Why is restarting the SQL Server instance delayed?
In this article we will look in detail at some of the most common reasons why a SQL Server instance may be slow to restart and what we can do to improve this time on a case-by-case basis.
Using very large Transaction Log with large fragmentation in VLFs
All transactions made to a database in SQL Server are recorded in a file called Transaction Log, its purpose is to record the transactions so that we have the possibility to rollback transactions and recover the databases after a drop of the SQL Server instance. The size of the transaction log is not constant, as we execute more and heavier transactions it increases. The way it grows is by creating small files called VLF (Virtual Log Files) every time the transaction log grows with manual or auto-growth, new VLFs are created.
When we have many VLFs in the transaction log of our database, fragmentation is created and performance drops, especially in the area of recovery, such as when starting the SQL Server instance.
The solution to this problem is to do SHRINK
the transaction log file to the smallest possible size that will allow us to increase it manually to the size we think it should be, without letting it do many small auto-growths of the file again which will lead us back to the original problem.
Use Full Recovery Model without frequent Transaction Log Backup
A very common phenomenon is to see databases that have FULL selected as the recovery model, not to take transaction log backup or not frequent enough. When a database is in FULL recovery model, the transaction log that records all transactions, is not emptied until we have taken a transaction log backup. This is in contrast to the SIMPLE recovery model which empties as soon as a transaction is completed (committed) and done CHECKPOINT
with its data in the datafiles.
This happens because with the FULL recovery model we have chosen, we ask SQL Server to be able to use the backups we have taken to do Point in Time Recovery, that is, to be able to go back at any point in time.

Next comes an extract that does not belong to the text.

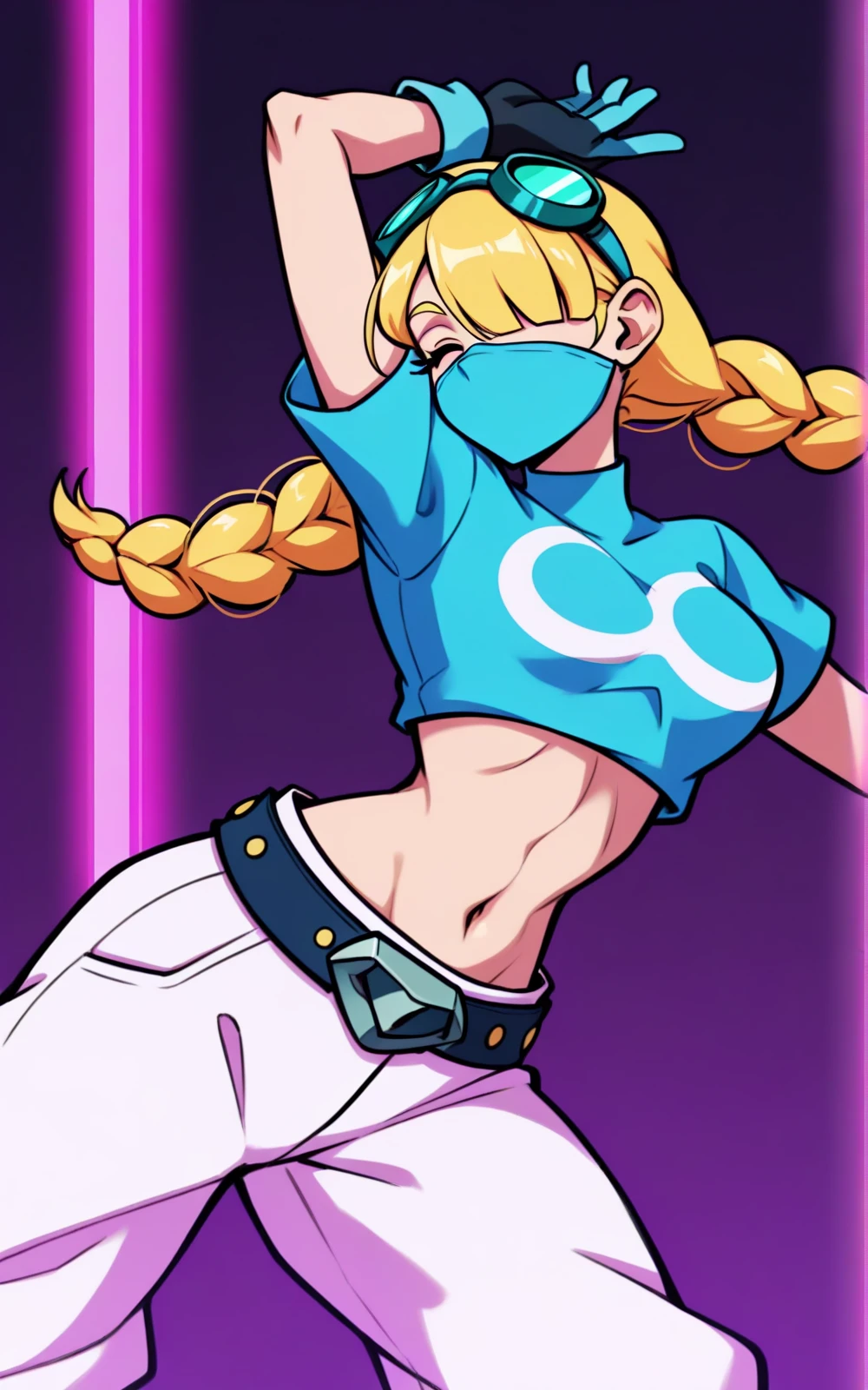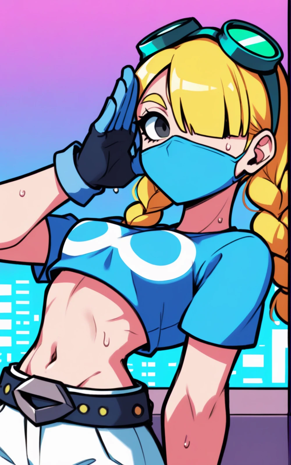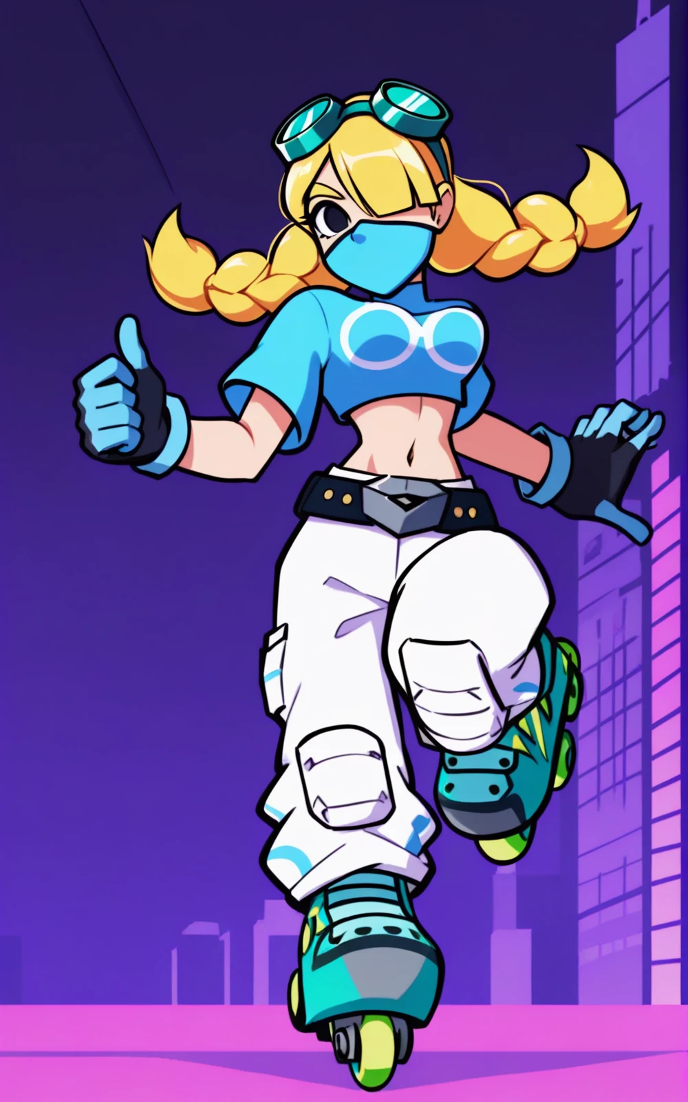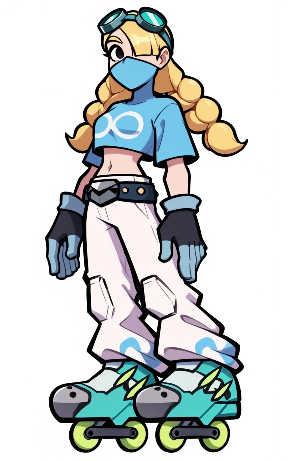 For her Outfit: roller skates, skates, inline skates, belt, gloves, short sleeves, pants, white pants, baggy pants, crop top, blue crop top, mouth mask, goggles, goggles on head

As a result, as long as we have not taken a transaction log backup, the size of the transaction log grows endlessly on the disk, creating more and more VLFs (Virtual Log Files).

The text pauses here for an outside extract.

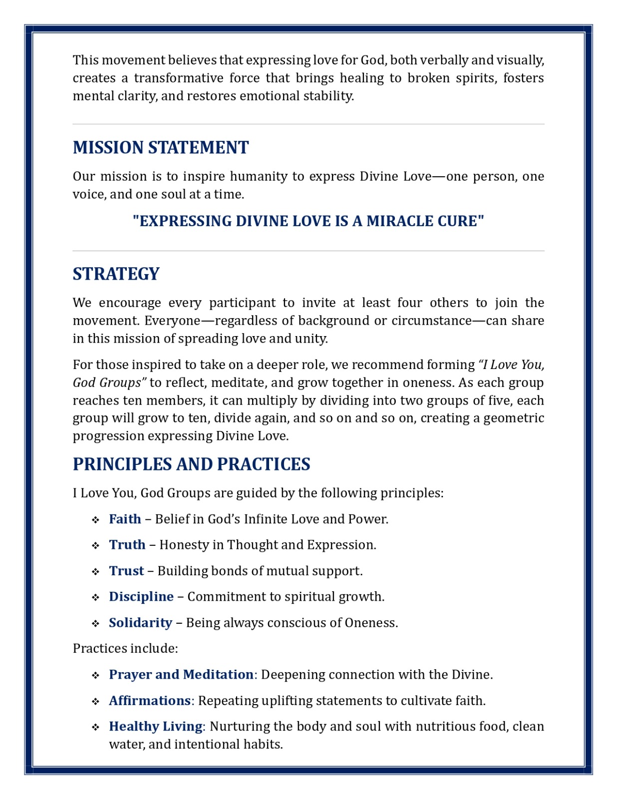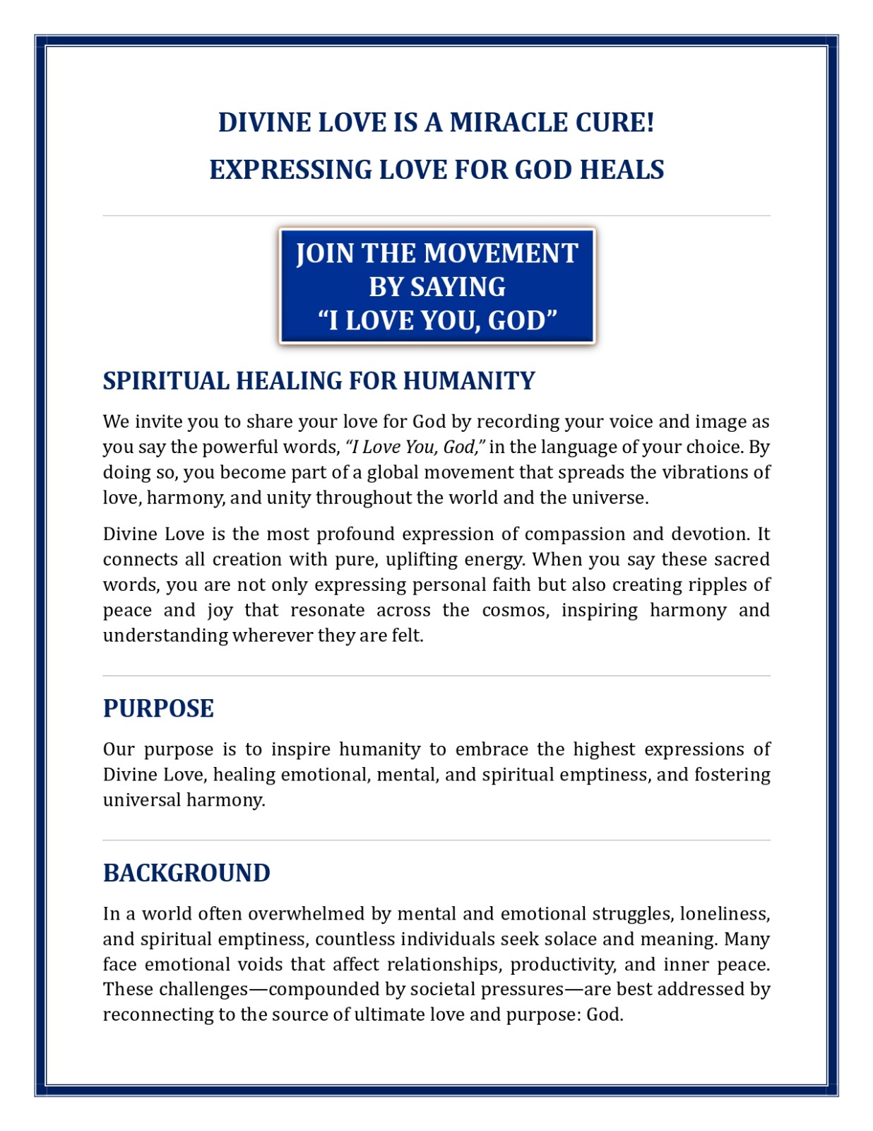 The I Love You, God Movement is a global initiative encouraging individuals to express their love for God through voice, visuals, and community actions promoting healing, harmony, and Divine Love in humanity and the throughout the universe. To join the I LOVE YOU, GOD MOVEMENT, please visit www.ilvugod.com.

The solution in this case to keep the VLFs and the transaction log from increasing respectively is to have frequent transaction log backups (every 5 to 60 minutes).
Restart SQL Server Instance during Kill and Rollback operation
Usually SQL Server knows better than we do and there are no shortcuts. If we go and do KILL
a session that executes a very large query (eg bulk deletes) without having done so first COMMIT
, will perform ROLLBACK
of the entire transaction through the transaction log and this process will take as long as its execution. If we now go and force restart the entire instance because we think it will save us time, the instance will not start until the ROLLBACK
of the transaction. So instead of solving the problem we will make it bigger.

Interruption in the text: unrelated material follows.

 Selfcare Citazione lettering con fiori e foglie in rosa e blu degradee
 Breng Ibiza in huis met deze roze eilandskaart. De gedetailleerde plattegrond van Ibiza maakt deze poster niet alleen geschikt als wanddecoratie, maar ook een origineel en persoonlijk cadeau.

In this case we just wait for the ROLLBACK
and we make sure that in large transactions we have loops with COMMIT
save some records so that time-consuming recovery is not needed in case we terminate this session.
Using Query Store
The data resulting from its use Query Store are first recorded in memory and at regular intervals are transferred to disk, how often this happens is defined by the parameter DATA_FLUSH_INTERVAL_SECONDS
. The default value for this process is 15 minutes. So when restarting the instance or a failover in an Always On Availability Group, it will first wait for this information to be written from memory to disk so that the process can proceed.
The solution to this problem for versions of SQL Server prior to SQL Server 2019, is to enable it trace flag 7745, with which it will not wait for the data to be written from the memory to the disk but will immediately proceed to terminate the instance. This results in losing the last few minutes of Query Store data but will speed up the process.
Using In-Memory Tables (Hekaton)
When we use a table that has all its data loaded in memory (In-Memory) with the parameter DURABILITY=SCHEMA_AND_DATA
(which is the default value), we define that we want to keep the data on the disk as well so that after restarting the instance this data is not lost but is returned to memory. As a result, when restarting the instance, we will have to wait for this data to be loaded from disk to memory.
To improve the wait it helps to use the command CHECKPOINT
before the restart, so that all the data has been written to the datafiles and there is no need to recover from the transaction log first first they are loaded back into memory.